Science and technology
The UK’s scientists are now able to develop gene-edited plants and animals. Outside the EU these could now be used in the UK to reduce diseases and lower pesticide use, as they have in the world outside the EU. UK scientists could even develop LAB-grown meat if they thought anyone would eat it, although they should prepare to do battle with the National Farmers Union (NFU) if they do. However, if UK farmers are being paid to grow wildflowers – the scientists may not meet any opposition from the NFU.

The UK also hopes to regain the clinical trial industry that it lost to the US after the EU imposed draconian rules that greatly increased the costs of this process. There is also a hope that UK scientists will lead the way in AI and robotics; however, we will need much cheaper commercial electricity to do so.

Financial Services
In financial services, the UK’s extremely large investment funds can now trade off-market using ‘Dark Pools’ without fear of hitting the EU’s crazy Double Volume Caps. The UK’s stockbrokers can distribute financial analysis on small-cap companies without investors having to pay for the reports, and bankers and fund managers can be paid as their employers prefer. There is no longer a cap on bonuses and fund managers can be paid in cash rather than in units of their fund. The UK’s Competition and Market Authority is now solely responsible for UK mergers and acquisitions, rather than the EU making any monopoly decisions based on the whole EU market, rather than the effect on the UK.

Migration for work and study
The UK can determine who can immigrate to the country, for how long, and for what purpose. We can put minimum thresholds on wages for immigrant workers and determine which business sectors can import staff. Immigrants with entry visas for longer than 6 months must pay a health surcharge to use the NHS. All of this was impossible when we were in the EU and had to accept the EU’s free movement of people, with or without a job, and give EU nationals access to UK healthcare and other benefits.

Now EU students who attend UK universities must pay the same fees as non-EU students. This has been a windfall for UK universities, as EU students must now pay almost three times as much as they did before Brexit. This has also been a bonus for taxpayers who were effectively subsidising EU students before Brexit.

I will concede that many UK nationals are annoyed that their children have been crowded out by higher fee-paying overseas students. But again – like it or loathe it – this is a decision of the universities and the Government. You can’t vote out the universities, but you can change the government.

I completely accept that we presently have a problem with illegal immigrants who are not obeying our new immigration rules, but again – we can now elect a new government that may, or may not, have a better plan to stop the rubber boats. But this problem isn’t due to Brexit: illegal immigrants are also landing on the shores of Spain, Italy and Greece. However, if we were still in the EU, the EU’s new migration Pact would compel us to accept a proportion of these arrivals as well.

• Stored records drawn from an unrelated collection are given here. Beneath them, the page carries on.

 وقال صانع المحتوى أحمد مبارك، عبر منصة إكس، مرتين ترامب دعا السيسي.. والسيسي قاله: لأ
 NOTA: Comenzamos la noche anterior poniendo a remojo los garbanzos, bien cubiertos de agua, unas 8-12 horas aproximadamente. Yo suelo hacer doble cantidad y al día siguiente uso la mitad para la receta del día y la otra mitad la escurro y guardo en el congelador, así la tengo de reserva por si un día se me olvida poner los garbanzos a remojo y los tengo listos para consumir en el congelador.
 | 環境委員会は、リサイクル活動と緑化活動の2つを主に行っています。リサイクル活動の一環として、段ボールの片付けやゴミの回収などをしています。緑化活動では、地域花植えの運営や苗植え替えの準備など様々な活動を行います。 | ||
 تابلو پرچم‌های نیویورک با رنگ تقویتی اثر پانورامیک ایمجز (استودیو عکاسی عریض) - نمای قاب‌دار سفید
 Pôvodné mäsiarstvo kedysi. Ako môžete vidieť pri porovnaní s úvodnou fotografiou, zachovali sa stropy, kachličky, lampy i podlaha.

Free speech and legislative scrutiny
Finally, there is the important matter of free speech. Brexit has allowed the UK to avoid the EU’s Digital Services Act. Instead, we have the Online Safety Bill. Whether one is better than the other is hard to discern – but we were able to debate the Online Safety Bill vigorously in the House of Commons and the House of Lords, resulting in many changes and amendments to the bill. EU members were not able to do this for their Digital Services Act.

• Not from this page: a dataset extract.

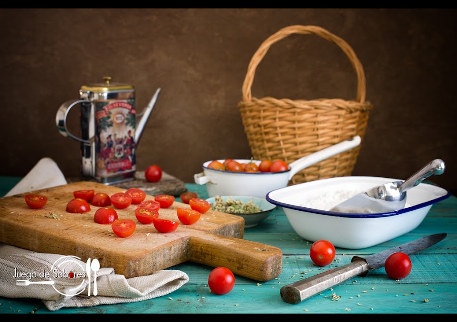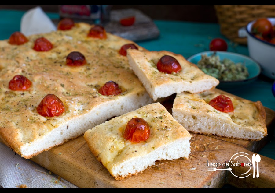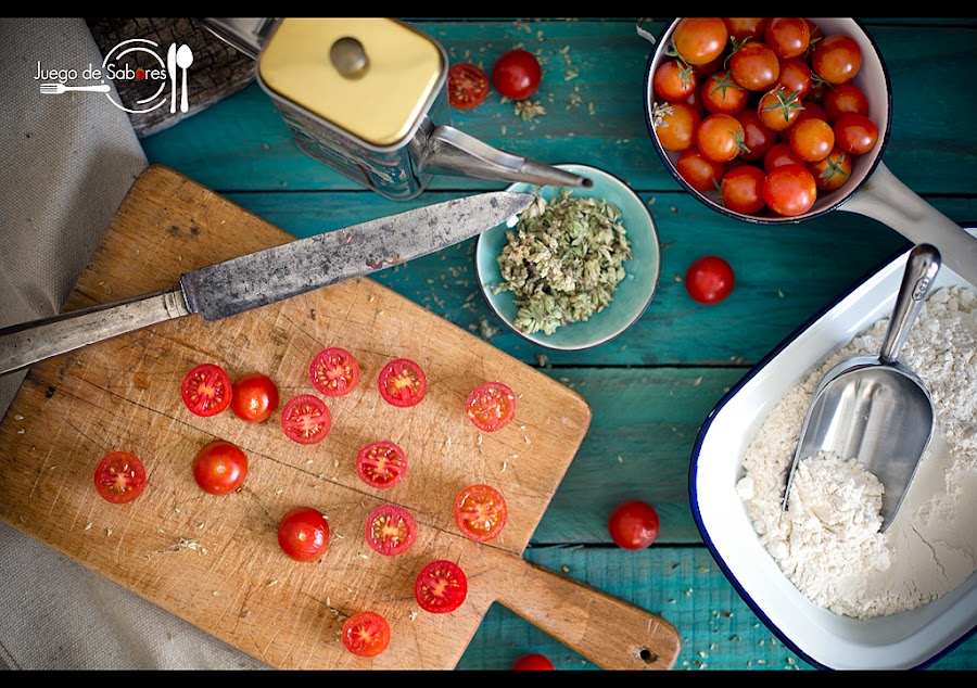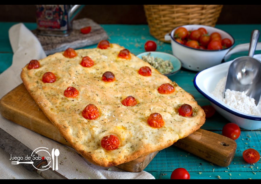 Día festivo por la tarde. Todo cerrado. Se presentan por sorpresa unos autoinvitados. Les preparas un café y algún dulce que siempre tienes en casa. No te atreves a sacar aquel turrón que te sobró de las navidades pasadas y que no hay forma de acabar. Van pasando las horas. El sol se ha puesto y tú no haces más que mirar el reloj. Pasa el tiempo y los autoinvitados no tienen prisa. Empiezas a ponerte de los nervios. Cruzas una mirada con tu pareja. Te ha captado y se encoge de hombros como queriendo decir: “si no queda más remedio”. Visto lo visto propones hacer una merienda cena…pero no tienes pan y por supuesto te niegas a ir a una gasolinera a comprar una de esas masas blandas y semicrudas que alguien ha tenido la desfachatez de denominar pan. Con lo que tienes en casa puedes salir del paso haciendo una focaccia algo distinta a la que ya hiciste en su día. Hoy añadirás unos tomates cherry. Con eso y un buen embutido merendáis de maravilla. Los autoinvitados se van a las tantas y tu pareja te comenta: “Como les trates así los tienes aquí cada domingo”. Cruzas los dedos sobre tus labios y exclamas: “Pues por éstas que son cruces que la próxima vez les meto el turrón que ya debe estar rancio”. Y me voy a dormir que es tarde.

This is why we left! Public scrutiny of legislation is important. For too long we have simply followed whatever directive or regulation was passed down from Brussels. This has created lethargic politicians and given us ineffective regulations. Brexit is changing this for the better.

Conclusion
There are many other Brexit benefits, but many are particular to industries and generally unknown to the general population. Unfortunately, most of the Mainstream Media doesn’t believe these regulatory changes are newsworthy and prefers to claim that Brexit isn’t working. But it is, and we must continue to support it. Please vote wisely in the upcoming election.